*** TASK MATERIAL ***

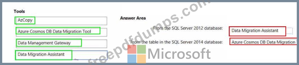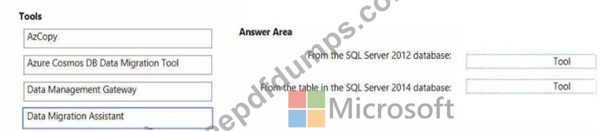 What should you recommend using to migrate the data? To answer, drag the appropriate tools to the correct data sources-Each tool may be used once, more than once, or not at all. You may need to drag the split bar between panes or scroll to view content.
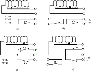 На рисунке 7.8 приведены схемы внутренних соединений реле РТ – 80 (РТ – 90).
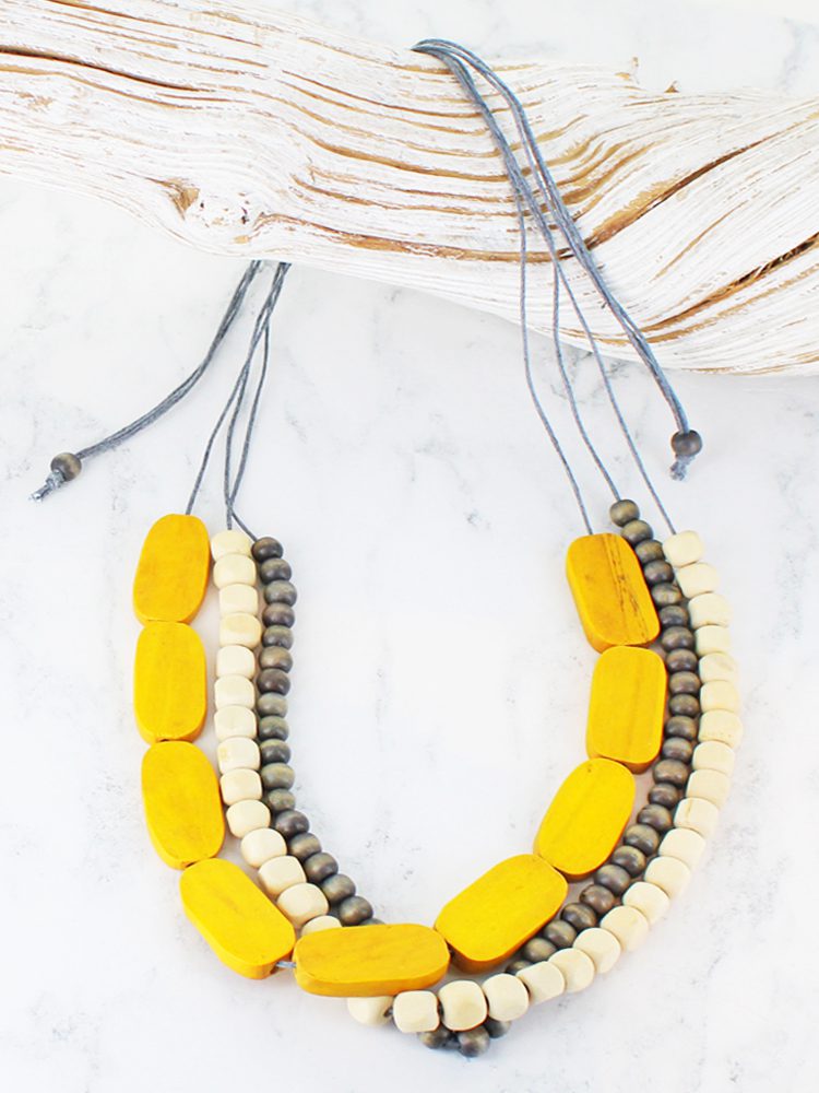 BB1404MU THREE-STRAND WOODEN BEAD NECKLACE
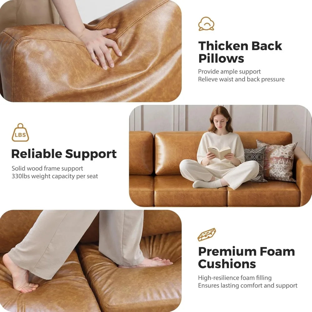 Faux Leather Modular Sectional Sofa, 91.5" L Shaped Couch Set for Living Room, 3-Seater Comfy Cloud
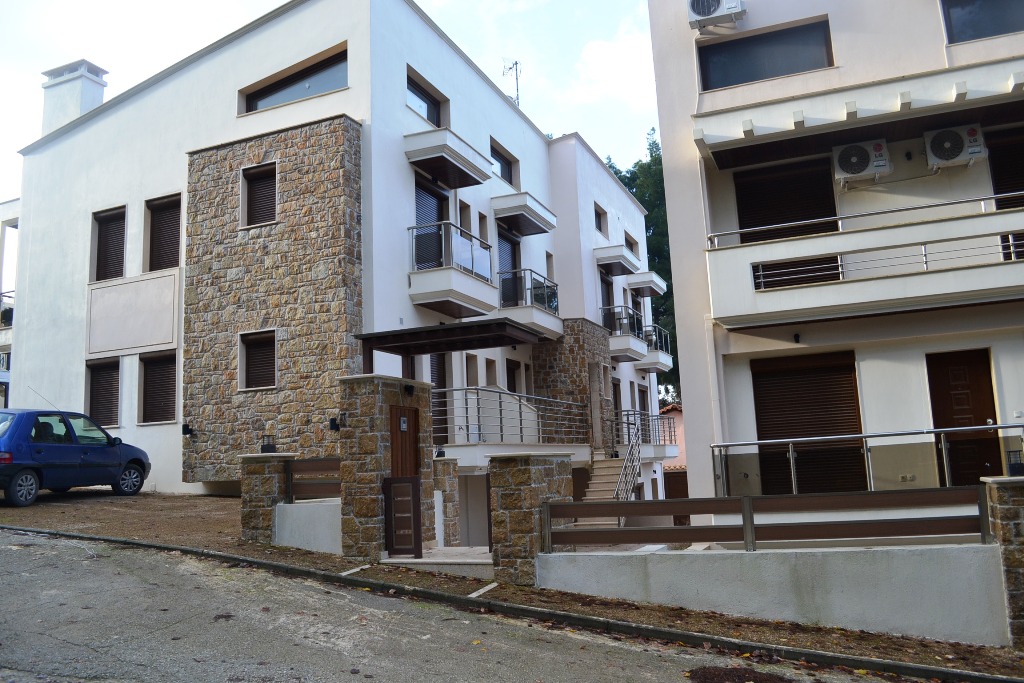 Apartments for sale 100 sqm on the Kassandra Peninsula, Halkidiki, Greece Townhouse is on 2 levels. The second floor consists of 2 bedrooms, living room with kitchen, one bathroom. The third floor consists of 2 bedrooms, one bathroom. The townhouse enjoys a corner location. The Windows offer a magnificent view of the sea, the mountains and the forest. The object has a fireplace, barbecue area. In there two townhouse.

***

EXERCISE — Copy exactly the lines from the one containing "BB1404MU THREE-STRAND WOODEN BEAD NECKLACE" through the final line of the records above, both included, and leave out any pictures.

EXERCISE ANSWER —
 BB1404MU THREE-STRAND WOODEN BEAD NECKLACE
 Faux Leather Modular Sectional Sofa, 91.5" L Shaped Couch Set for Living Room, 3-Seater Comfy Cloud
 Apartments for sale 100 sqm on the Kassandra Peninsula, Halkidiki, Greece Townhouse is on 2 levels. The second floor consists of 2 bedrooms, living room with kitchen, one bathroom. The third floor consists of 2 bedrooms, one bathroom. The townhouse enjoys a corner location. The Windows offer a magnificent view of the sea, the mountains and the forest. The object has a fireplace, barbecue area. In there two townhouse.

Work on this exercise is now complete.